There’s a whole online world of trying-to-conceive message boards and secondary (tertiary?) infertility boards where people talk about this stuff, but because I never had any trouble the first two times I’m mostly unfamiliar with them. To be totally honest, until I started talking privately with some of my friends about how I’m struggling, I had no idea how much planning COULD even go into getting pregnant. Ovulation sticks and fertility apps and trying disgusting information involving mucus became things I Googled on a regular basis. The biggest surprise was how many people casually mentioned “Oh yeah, I used those OPK sticks to have my daughter”. I think a lot of people err on the side of privacy when it comes to their baby-making-attempts (because, yeah, no one wants to know ALL THAT and no one owes the internet their medical history) but it gives the impression if it takes more than 5 minutes you’re sort of a weirdo.

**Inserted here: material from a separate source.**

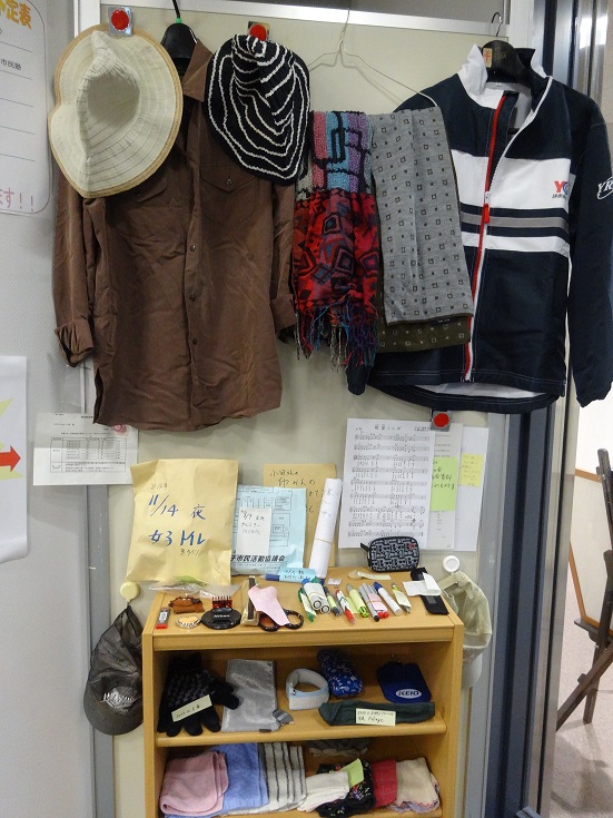 市民活動支援センターでは、昨年、会議室や印刷機等のご利用で来館された方の忘れ物を展示中です。

A “Surprise! Pregnant!”-baby (which I am totally guilty of) is more blogable than endless “Not pregnant! Again!” posts, so someonr announcing it when it happens means you don’t really know what people have gone through. I’m a tiny bit concerned that the IUD I had after Caroline was born caused some sort of terrifying, permanent problem (Dr. Google totally agrees) but before we’ve been trying a year no real medical professionals (Dr. Google obviously got his degree online) want to talk to us.

I realize 9 months isn’t that long to be trying, but when your friends who said “Yes! We’re trying too!” back in November are actually giving birth to their babies it feels like forever. I also realize I have two beautiful children so complaining about not having a baby is going to sound selfish and disgusting to some people. But two was never our plan and close together is so much fun, I liked the idea of adding more sooner rather than later. I guess that “Man plans, God laughs” adage is pretty apt, although I if anyone embroiders that on a pillow for me I’ll punch them in the face.

So instead of thinking about my sad, empty uterus constantly I’ve been cleaning. CLEAN ALL THE THINGS. It’s part super-premature nesting, part feng shui and part at-least-this-is-a-problem-I-CAN-solve, but it’s helping. Sort of.

dining room-2

Yes, it’s definitely helping. Just looking at that room and knowing all the birthday decorations (from APRIL, good God woman, you’re so lazy) are put away makes me feel better.

I’ve got the guest room and the kids’ rooms to tackle next, including a couple of terrifying closets I haven’t fully opened in years. I even wrote a garage sale on our calendar and I’ll be running in and out of the house throwing stuff in the yard all day. Maybe space – a space, lots of space, many spaces – will leave room for more good things to come in. It’s better to think about it as space than as emptiness. I’m tired of empty.